Я чувствовал себя несколько разочарованным. Я бы предпочел увидеть его смущенным, а, может, даже уронившим себя в глазах Девяти тошнотой и рвотой, или другими аналогичными проявлениями отвращения.

Второй жертвой была очень красивая мулатка. У нее были черные курчавые волосы, постриженные по африканской моде, кожа того же теплого шоколадного оттенка, как глаза антилопы. Ее же собственные глаза удивительно контрастировали с цветом ее кожи своим бледно-голубым, почти прозрачным оттенком. Это была жена Глашатая, которая исчезла одновременно с ним во время взрыва их яхты. Я хорошо знал ее, так как мы часто встречались с ней во время предшествующих церемоний. Она много раз спала со мной и мой язык помнил малейшие изгибы ее великолепного тела.
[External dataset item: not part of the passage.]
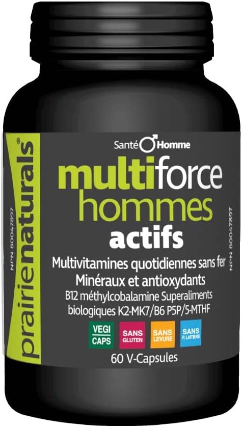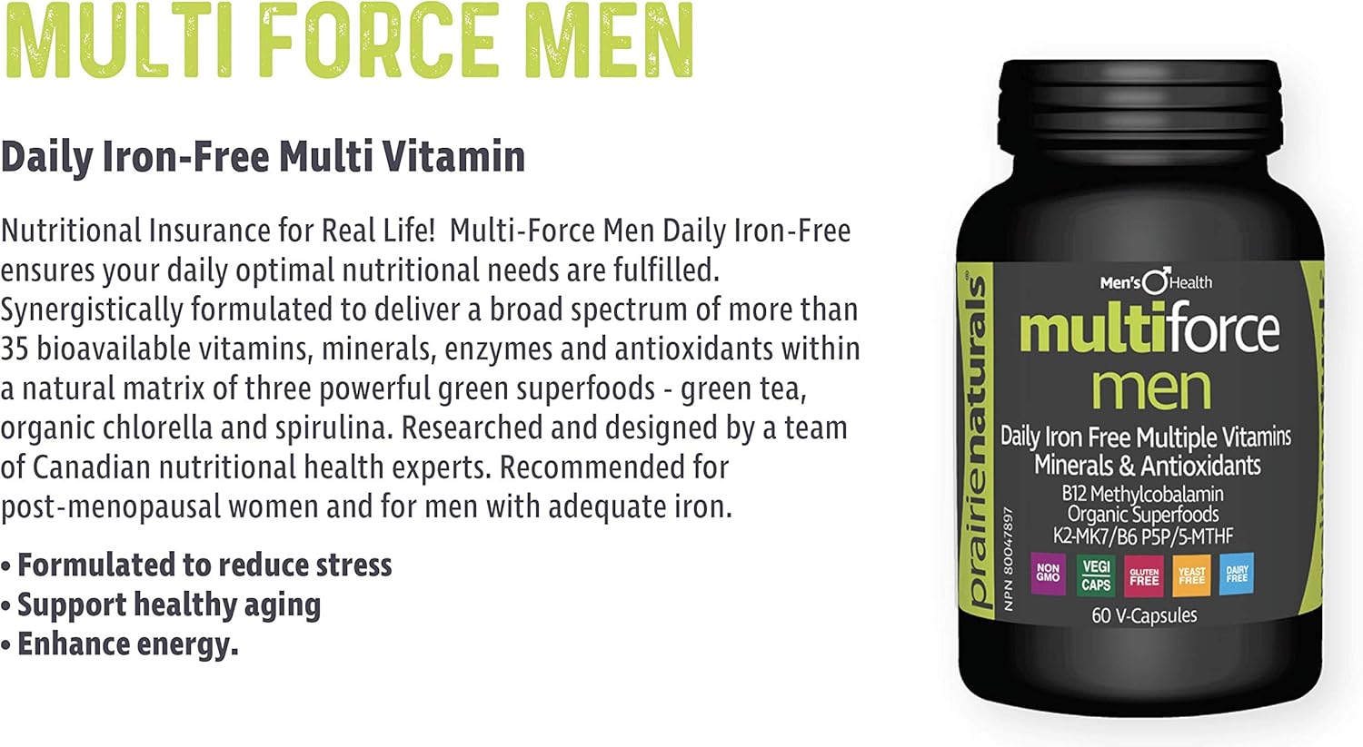 Prairie Naturals 多效男士活力配方。不含铁。富含多种维生素B群(甲钴胺B12、P5P B6、5MTHF)、MK7 维生素K2、矿物质复合物(含锌)、甜菜碱盐酸盐和菠萝蛋白酶(促进吸收)、有机小球藻……

Думаю, что Аи-не-на знала об этом. Создавалось впечатление, что она знает о нас все, как Бог, которому все известно о его созданиях. Таким образом, Аи-не-на вправе была предполагать, что у меня не возникнет никакого внутреннего протеста против исполнения ритуала с этой женщиной. Другое дело Калибан. Он был американец, белый, родившийся в состоятельной семье в 1903 году. Поэтому было вполне возможно ожидать с его стороны реакций, обычных для людей его круга по отношению к цветным. Может быть, именно поэтому Аи-не-на сделала знак Мире направиться к Доку. Но если Калибан и испытывал что-то, он оставил это в себе, не позволив дрогнуть ни единой черточке своего бесстрастного лица.

Он протянул руку Мире и помог ей подняться на стол, подняв ее столь легко, будто она весила не более чем шарик для пинг-понга. Женщина легла на спину. Он взял ее ноги и положил себе на плечи. После этого надолго застыл, спрятав лицо в густом жестком хохолке, так хорошо мне знакомом, прижавшись к горячей влажной щели, источающей терпкий возбуждающий медвяный запах.

Мира пыталась продемонстрировать, как ей приятно. Она извивалась всем телом, заламывала руки и громко стонала, но я не сомневался, что просто играет на публику. Мира должна была чувствовать себя слишком напряженной, чтобы у нес действительно все пошло как надо. Я знал только одну женщину, способную добиться оргазма в условиях подобного ритуала: это была графиня Клара. Финальный акт заставил бы ее страдать не менее, чем и всех остальных, но она умела жить настоящим моментом, на что способно не так уж много людей.